Prof. Takahashi emphasizes that the varied possibilities of the CLN method could lead to reducing the development time for electrical systems, including control systems for inverters and electric machines, such as squirrel-cage induction motors, and improving the efficiency of the system simultaneously.

Pursuing challenges while incorporating new techniques to help resolve societal issues

Prof. Takahashi is also engaged in research focusing on methods of analyzing motor operation using high-performance computing technologies. He explains, “Spatial parallel computing tools are available in commercial software, and this approach is called a parallel in-space (PinS) approach. I’m engaged in a method of parallel computing that involves combining ‘space’ with ‘time.’ Here, the calculation domain is divided spatially into several smaller domains, and different time intervals are assigned to each of these domains. The parallel computing method in time axis directions is called the ‘parallel-in-time’ (PinT) method. When used together, this technology is called parallel-in-space-and-time (PinST)method.” [Note 1]

To understand this, think about the production of a movie. A single movie comprises numerous scenes and multiple teams proceed simultaneously with the filming at different spatial locations and times in an order that is different from the movie’s progression. In the end, the shots are integrated into a single movie according to the intended progression. This method is clearly more efficient than having one team film each scene in the order they appear in the final movie.

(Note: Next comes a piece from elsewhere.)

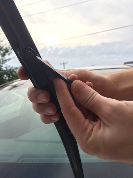 El método de extracción depende del tipo de limpiadores que tienes. En este caso fue una pequeña lengüeta que necesita para ser empujado hacia adentro, para deslizar el limpiaparabrisas. En otros limpiadores que tendrás que levantar la pestaña en lugar de empujarlo, pero siguen las mismas instrucciones después tirando de la lengüeta hacia arriba. Presione la lengüeta con el pulgar y fuerza el limpiador hacia abajo hacia el parabrisas. El limpiador debe deslice en el soporte metálico como se muestra y ser libre para moverse. Quitar el limpiador independiente del eje del soporte metálico totalmente deslizando el limpiador hacia arriba evitando la parte en forma de U de metal titular.

“To ensure that the results for PinT processing are well connected front to back, we developed a novel correction method. We have confirmed high parallel efficiency, even in a highly parallel computing environment, using 10,000 processes or more. Little research has been done on parallelizing across time, and other researchers in computational science have evaluated our work as ‘quite interesting.’ Even for electric machines where the number of freedoms is not so large, it is necessary to consider the effect of carrier harmonics accurately in performance evaluations of inverter-driven motors. This requires the use of efficiently small time step size, which results in huge computational costs. We thus think that the PinST method is fairly effective in the analysis of inverter-driven motors,” says Prof. Takahashi.

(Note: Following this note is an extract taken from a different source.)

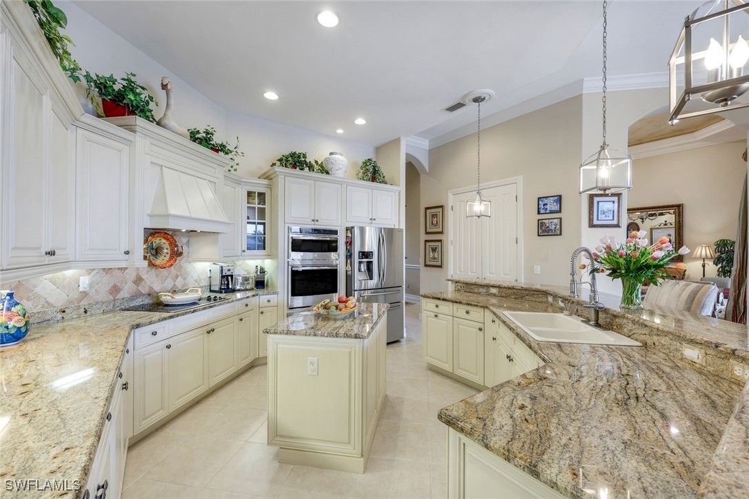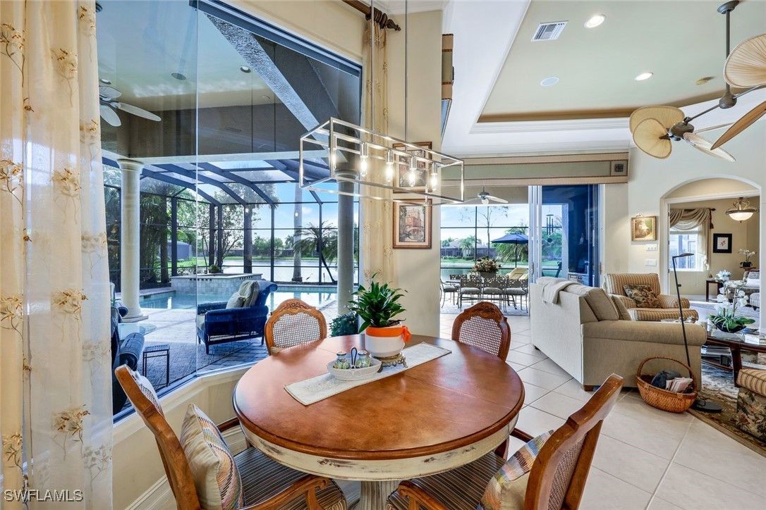 Indulge in unparalleled luxury at this stunning Ponte Vedra 900 Series model in Lely Resort's prestigious Majors neighborhood. This expansive residence boasts four bedrooms, a den, and four and a half bathrooms, perfectly designed for sophisticated living. Enjoy breathtaking western sunset views over a tranquil lake from your private pool and spa. A three-car garage, soaring vaulted ceilings with elegant tray details, and exquisite crown molding throughout showcase the attention to detail. Modern conveniences include Bosch and GE Profile appliances, just three years old, alongside Venetian blinds, faux painting, and multiple recessed sliders that seamlessly blend indoor and outdoor living. Lush landscaping, including five majestic Royal Palms, and practical features like French drains enhance the property's appeal. A Players Club membership, bypassing the waitlist, grants access to world-class amenities. Don't miss the opportunity to experience resort-style living at its finest! Lely Resort - Majors - Ponte Vedra 900 Series Model - Four (4) Bedroom plus Den - Four and one half (4.5) bathrooms - with Pool and Spa western sunset exposure - 3 Car Garage - Vaulted and Tray Ceilings - Crown Modeling Throughout - Venetian Blinds - Faux painting - Appliances three (3) years old (Bosch Dishwasher - GE Profile Oven / Range with Hood, Microwave, LG Washer, Dryer, warming tray and wine cooler - Samsung Refrigerator / Freezer - Multiple Recessed Sliders - Lush landscaping with Five(5) Royal Palms - French Drains - Pull Down Stairs in garage - Exit exterior door in garage - Long Lake Views - The Players Club membership (avoid the waiting list) -

In a PinS computing method using several thousand or more processes, it is not easy to achieve good parallel performance. Accordingly, Prof. Takahashi predicts that combining spatial with temporal parallelization will undoubtably become a groundbreaking approach.

“I did not originally have a strong interest in electric machines when I was a student. But the classes that I took in university demonstrated to me the broad scope of their usage and applications, and I had a strong sense that this was a field where I might be able to make significant contributions to society. These feelings led me to my current research. In fact, I was not good at computers, either. It was only as I progressed in my research on electric machines that I had more opportunities to use computers. Through this experience, I came to believe that both computers and electric machines were interesting domains. In the future, I intend to continue tackling challenges while proactively incorporating new techniques and technologies. I believe that my research will be linked with resolving some of our current energy issues,” concludes Prof. Takahashi.

While Prof. Takahashi realizes that energy problems may not be solved from the perspective of power generation alone, he emphasizes the importance of addressing energy consumption, for example, using high-efficiency electric machines. He wishes to continue tackling new challenges on the “borders” between electric machines and computational science.

(*Note 1) “Inverter”: An apparatus for converting from direct current (DC) to alternating current (AC). By changing frequencies and voltages, the inverter is used for adjustments of motor rotation speeds and rotational power (torque).

(*Note 2) “Harmonics”: Sinusoidal waves that may be the cause of vibration, noise, etc., in an electric motor.